Super Tuesday: What a Biden-Trump rematch means for investors

A likely Biden-Trump rematch in the US presidential election in November is unsettling investors, but currently, they should be focusing on fundamentals, not political heat, affirms the CEO of one of the world's largest independent financial advisory and asset management organisations.

The comments from deVere Group's Nigel Green come on Super Tuesday, the biggest day to date in the 2024 race for the White House, when voters in 15 states and one US territory choose candidates for president.

He says: "Investors in the US and around the world will be watching Super Tuesday keenly as it gives us insights into the perceived strengths and weaknesses of Joe Biden and Donald Trump – and one of them is most likely to be the next 'CEO' of the world's largest economy.

"If the election leads to a divided government, as is the current situation, the likelihood of additional legislative gridlock is expected to mitigate any market response.

"Being monitored by Wall Street and global financial markets most carefully is the possibility of a Red Wave scenario, in which Trump returns to the White House accompanied by a Republican sweep of Congress."

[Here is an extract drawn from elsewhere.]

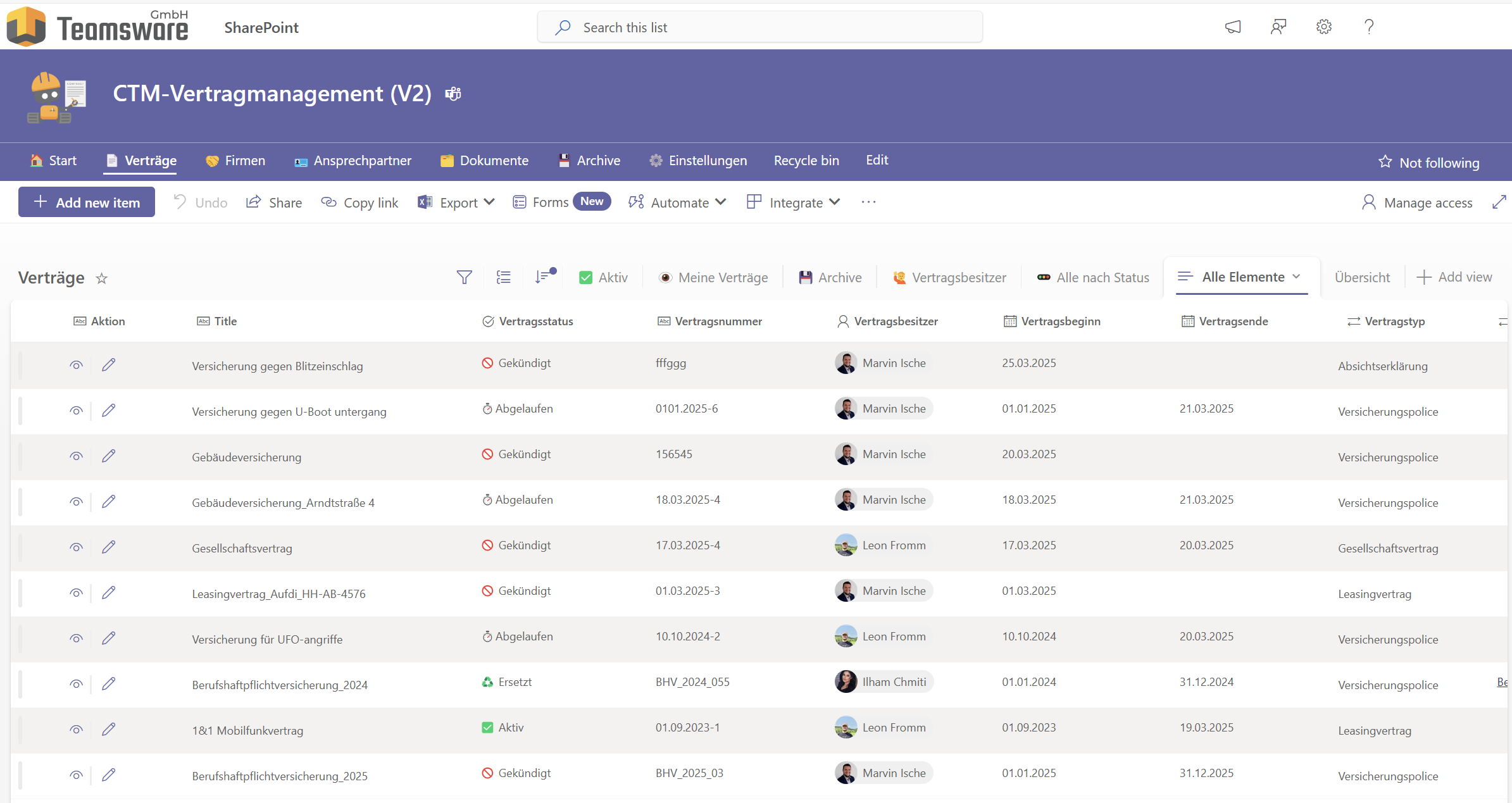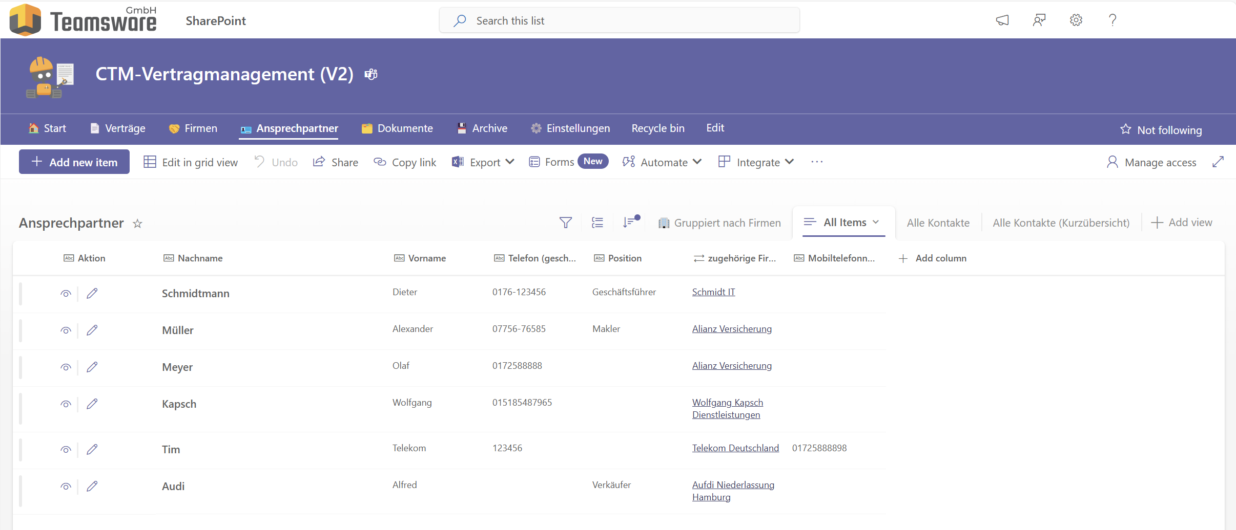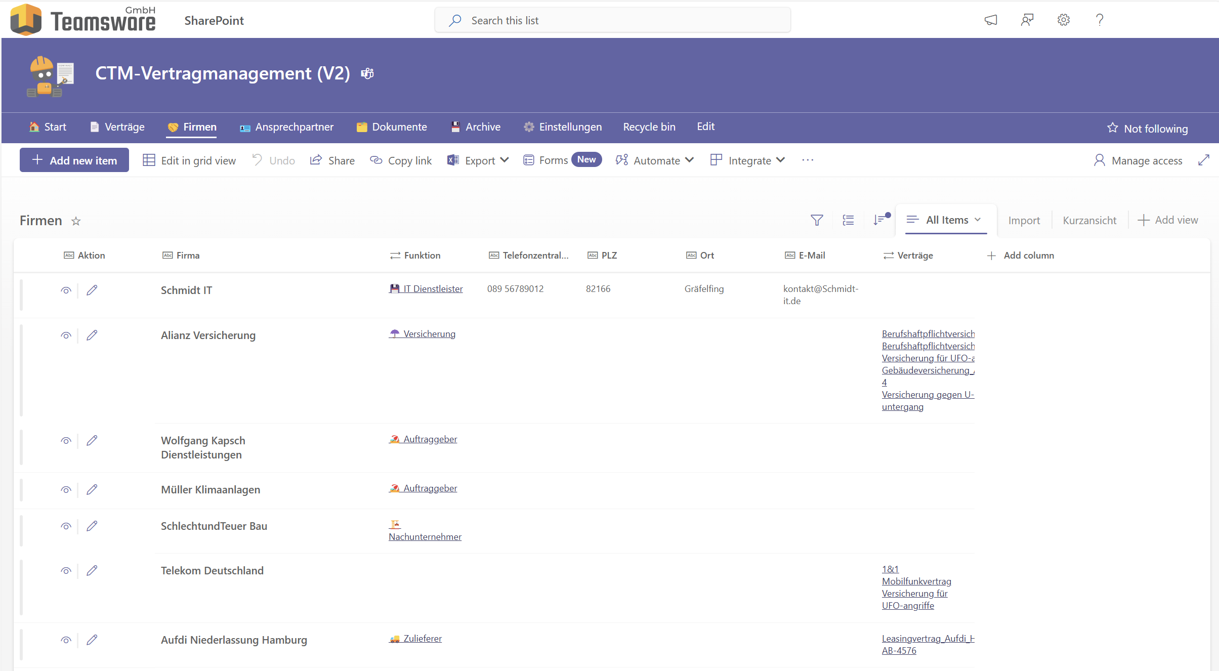 - View summaries of : all contracts and their owners (Vertragsbesitzer), existing companies (Firmen) and all current contacts (Ansprechpartner)
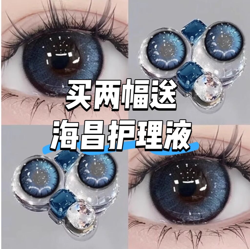 海昌护理液+蓝色混血三明治美瞳半年抛大直径网感隐形眼镜JNBL

The deVere CEO says, as always, there will be "clear sector winners and losers" if there is either a Red Wave or a Blue Wave – where Biden's Democrats get the sweep – with historical patterns and policy preferences of each candidate providing insights into potential sectoral impacts.

"For example, a Trump victory would favour traditional energy companies, including oil and gas producers, whereas Biden has shown strong support for clean energy. Renewable sectors, such as solar and wind, would therefore likely see increased government support and investment.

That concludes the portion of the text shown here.